TASK STATEMENT: Once you find the line with "Existing fossil-fuel reserves" in the entries below, print it and each line after it up to and including the line with "Описание Коллектор PPR", exactly, without pictures.

EXTRACTED INFORMATION:

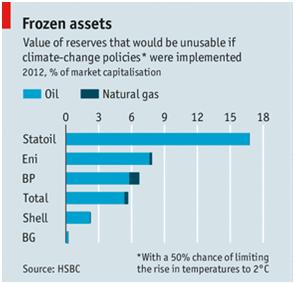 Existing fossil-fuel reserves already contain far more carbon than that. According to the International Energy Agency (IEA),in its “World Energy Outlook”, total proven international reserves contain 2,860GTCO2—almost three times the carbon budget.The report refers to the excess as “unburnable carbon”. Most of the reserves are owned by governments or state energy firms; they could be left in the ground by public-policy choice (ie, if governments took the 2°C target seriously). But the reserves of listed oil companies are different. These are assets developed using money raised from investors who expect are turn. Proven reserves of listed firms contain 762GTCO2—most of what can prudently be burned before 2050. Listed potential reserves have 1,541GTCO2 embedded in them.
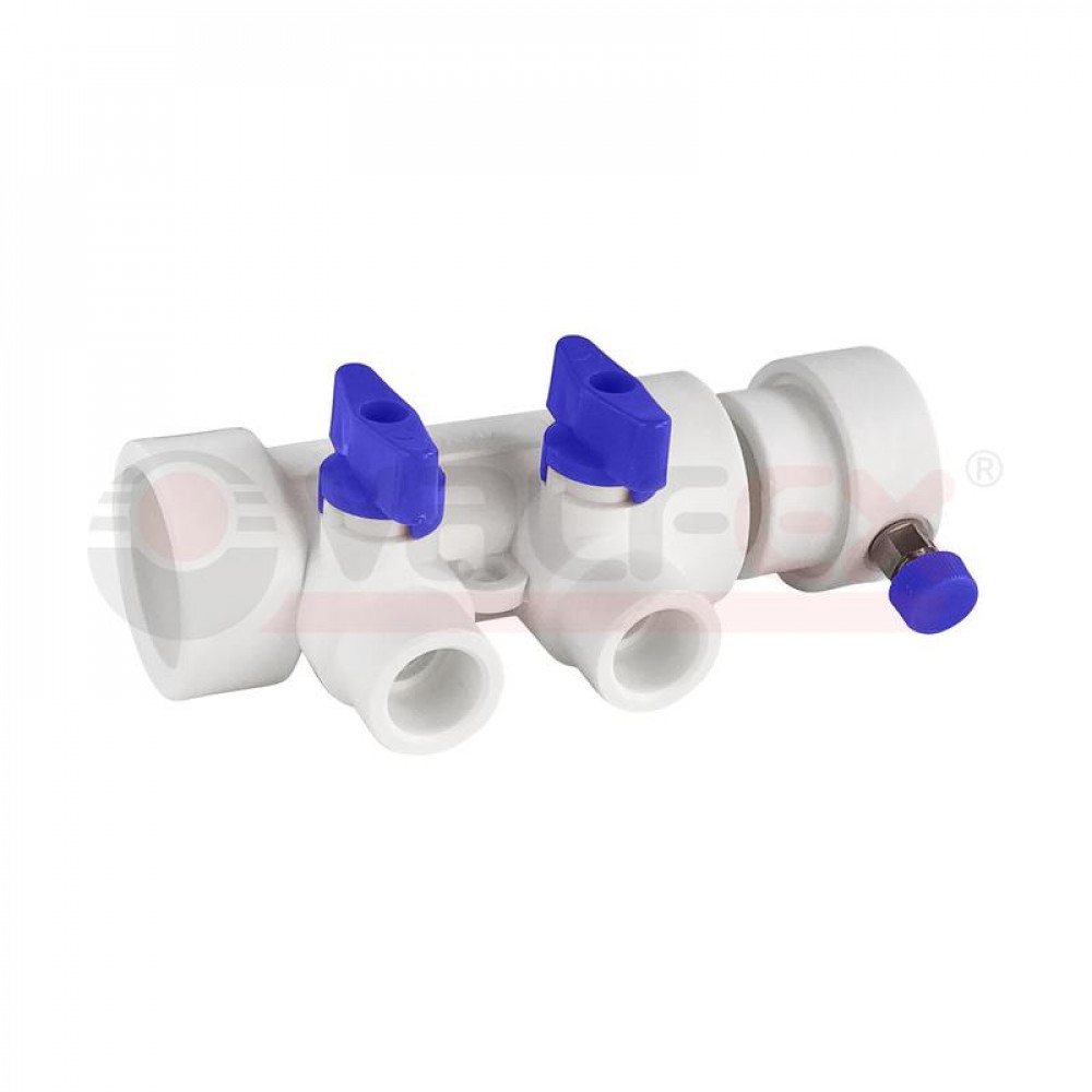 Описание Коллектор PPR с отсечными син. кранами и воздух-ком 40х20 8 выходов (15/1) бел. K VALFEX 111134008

* * *

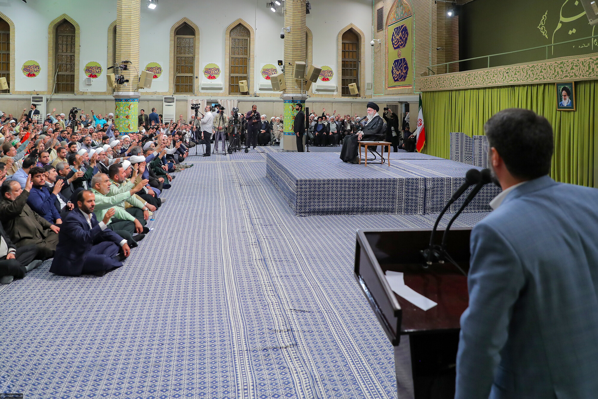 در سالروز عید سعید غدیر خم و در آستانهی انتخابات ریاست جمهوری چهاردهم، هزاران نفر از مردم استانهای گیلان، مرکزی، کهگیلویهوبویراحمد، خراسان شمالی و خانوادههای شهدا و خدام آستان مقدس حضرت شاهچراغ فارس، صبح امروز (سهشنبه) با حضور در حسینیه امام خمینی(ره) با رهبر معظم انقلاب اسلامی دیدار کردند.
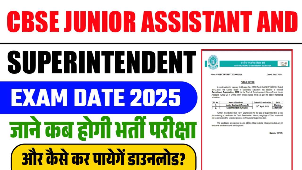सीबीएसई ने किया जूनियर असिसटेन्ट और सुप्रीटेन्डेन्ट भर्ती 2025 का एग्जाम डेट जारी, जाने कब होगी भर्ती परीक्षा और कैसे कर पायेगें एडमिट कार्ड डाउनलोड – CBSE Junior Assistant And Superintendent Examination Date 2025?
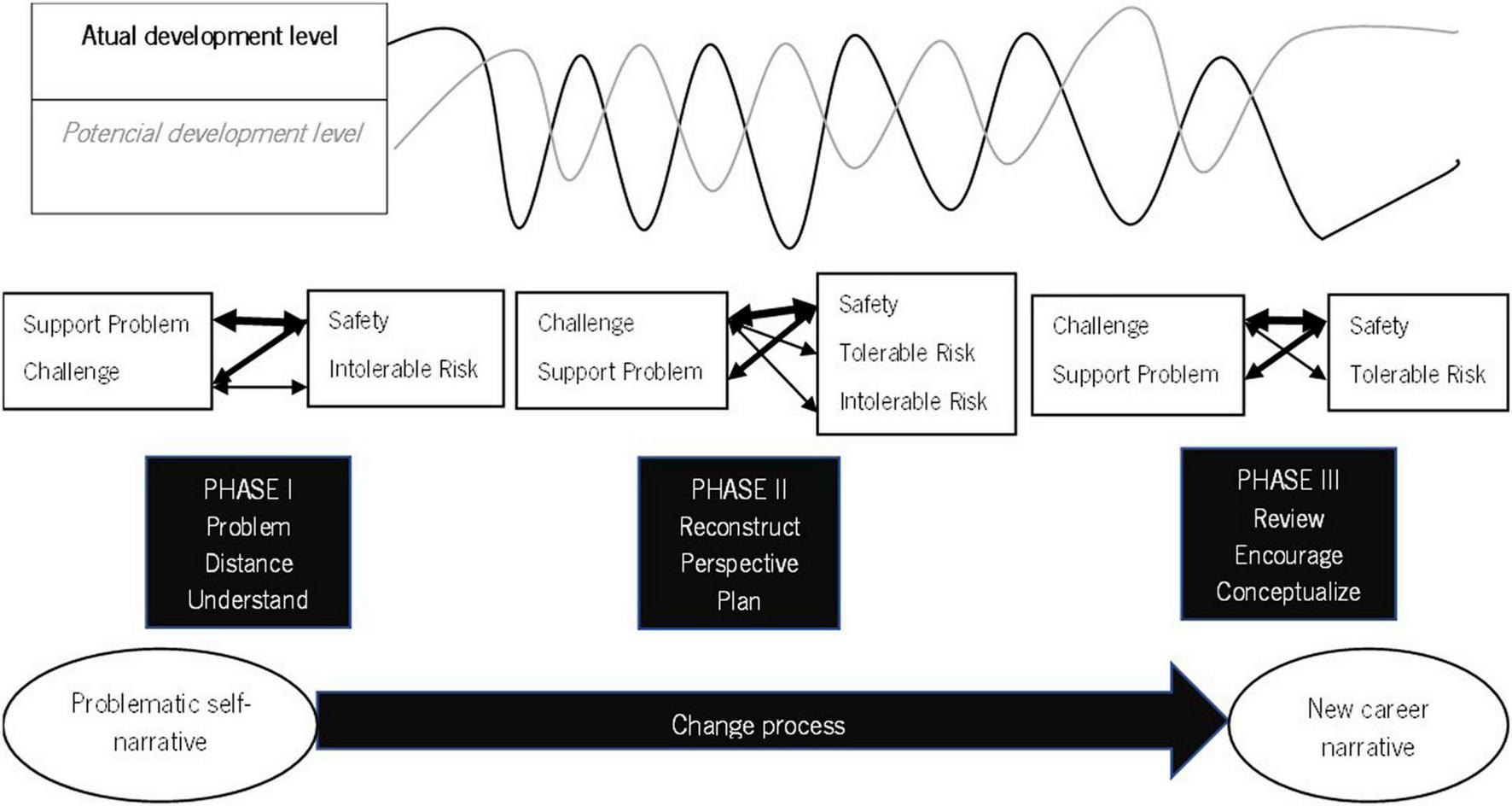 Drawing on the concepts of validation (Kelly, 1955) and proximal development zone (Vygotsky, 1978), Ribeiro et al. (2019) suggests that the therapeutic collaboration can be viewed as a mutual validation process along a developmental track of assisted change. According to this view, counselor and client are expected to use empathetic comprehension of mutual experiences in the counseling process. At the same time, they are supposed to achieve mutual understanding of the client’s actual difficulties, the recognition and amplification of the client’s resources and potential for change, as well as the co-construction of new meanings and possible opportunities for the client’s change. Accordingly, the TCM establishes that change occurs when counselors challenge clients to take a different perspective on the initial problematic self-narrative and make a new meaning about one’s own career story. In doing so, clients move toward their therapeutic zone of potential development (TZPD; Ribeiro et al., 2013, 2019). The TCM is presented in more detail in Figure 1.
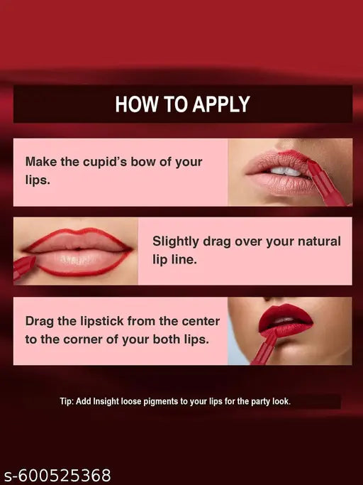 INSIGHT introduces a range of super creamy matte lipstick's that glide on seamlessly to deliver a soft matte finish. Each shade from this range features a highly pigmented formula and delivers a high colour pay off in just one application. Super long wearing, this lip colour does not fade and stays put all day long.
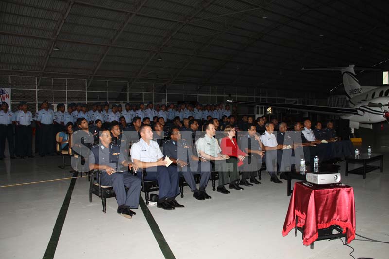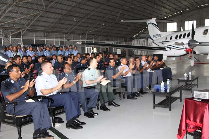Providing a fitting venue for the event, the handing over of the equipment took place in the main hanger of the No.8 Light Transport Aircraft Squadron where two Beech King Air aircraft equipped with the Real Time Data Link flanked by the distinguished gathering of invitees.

TASK RESULT:
 Existing fossil-fuel reserves already contain far more carbon than that. According to the International Energy Agency (IEA),in its “World Energy Outlook”, total proven international reserves contain 2,860GTCO2—almost three times the carbon budget.The report refers to the excess as “unburnable carbon”. Most of the reserves are owned by governments or state energy firms; they could be left in the ground by public-policy choice (ie, if governments took the 2°C target seriously). But the reserves of listed oil companies are different. These are assets developed using money raised from investors who expect are turn. Proven reserves of listed firms contain 762GTCO2—most of what can prudently be burned before 2050. Listed potential reserves have 1,541GTCO2 embedded in them.
 Описание Коллектор PPR с отсечными син. кранами и воздух-ком 40х20 8 выходов (15/1) бел. K VALFEX 111134008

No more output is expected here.